Leave every image behind and restate the data word for word.

# Data excerpt
☆ ☆ ☆ ☆ ☆ ☆ ☆
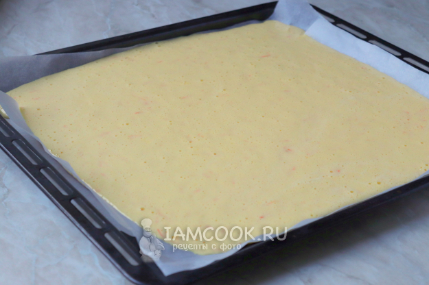 Вылить его на противень, застеленный пергаментом. Разровнять и отправить в духовку, разогретую до 180 градусов.
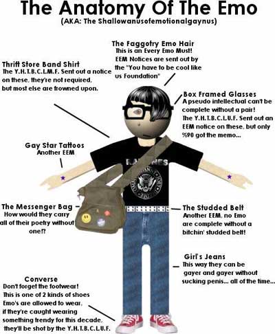 Emo kids don’t wear the costume because they live at home still because they cry and whine too much to even have a retail job. Also, Goths just look dead and Emo wish they were dead. I personally wish they were both dead but that’s because I hate everyone. You knew that already though.
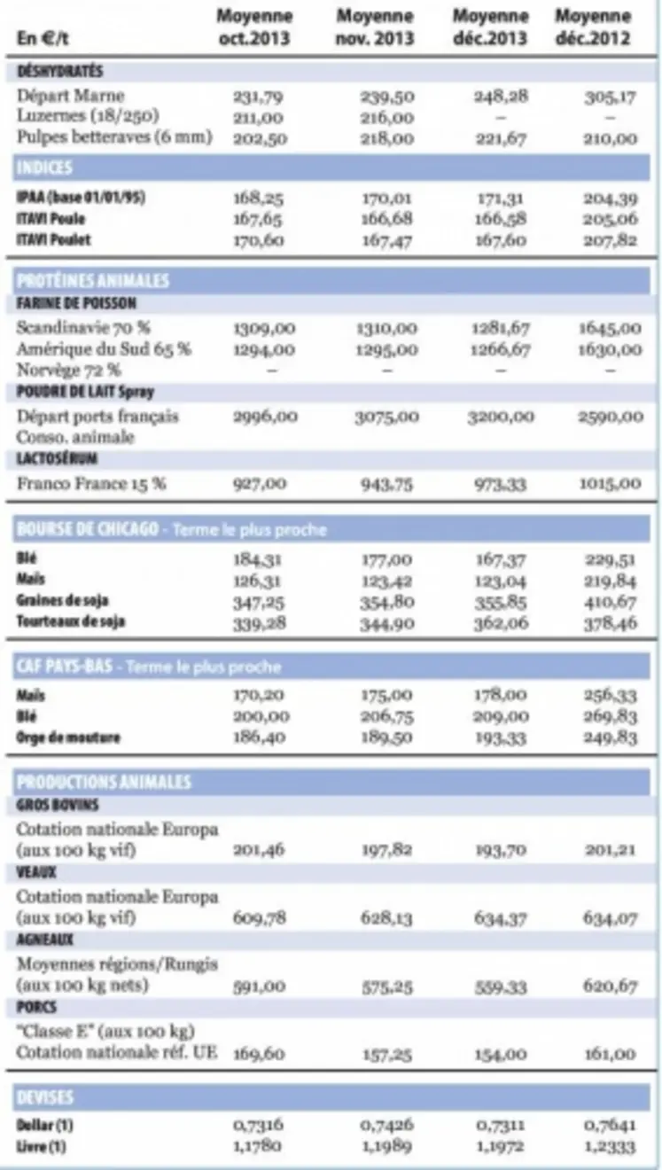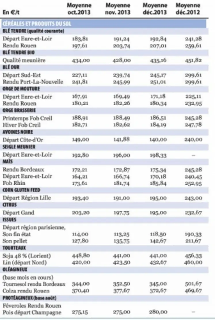 Nos lecteurs trouveront ci-après, pour les principaux produits, la moyenne mensuelle des cours relevés en décembre 2013 et, à titre de comparaison, les moyennes d'octobre et novembre 2013, et, il y a un an, celles de décembre 2012. Pour les céréales, moyennes mensuelles des cotations hebdomadaires relevées chaque jeudi (majorations commerciales de décembre 2013 comprises). Pour les productions animales, moyennes mensuelles des cours relevés par FranceAgri-Mer et pondération nationale des cotations porcs.
☆ ☆ ☆ ☆ ☆ ☆ ☆
# Answer to the exercise
 Вылить его на противень, застеленный пергаментом. Разровнять и отправить в духовку, разогретую до 180 градусов.
 Emo kids don’t wear the costume because they live at home still because they cry and whine too much to even have a retail job. Also, Goths just look dead and Emo wish they were dead. I personally wish they were both dead but that’s because I hate everyone. You knew that already though.
 Nos lecteurs trouveront ci-après, pour les principaux produits, la moyenne mensuelle des cours relevés en décembre 2013 et, à titre de comparaison, les moyennes d'octobre et novembre 2013, et, il y a un an, celles de décembre 2012. Pour les céréales, moyennes mensuelles des cotations hebdomadaires relevées chaque jeudi (majorations commerciales de décembre 2013 comprises). Pour les productions animales, moyennes mensuelles des cours relevés par FranceAgri-Mer et pondération nationale des cotations porcs.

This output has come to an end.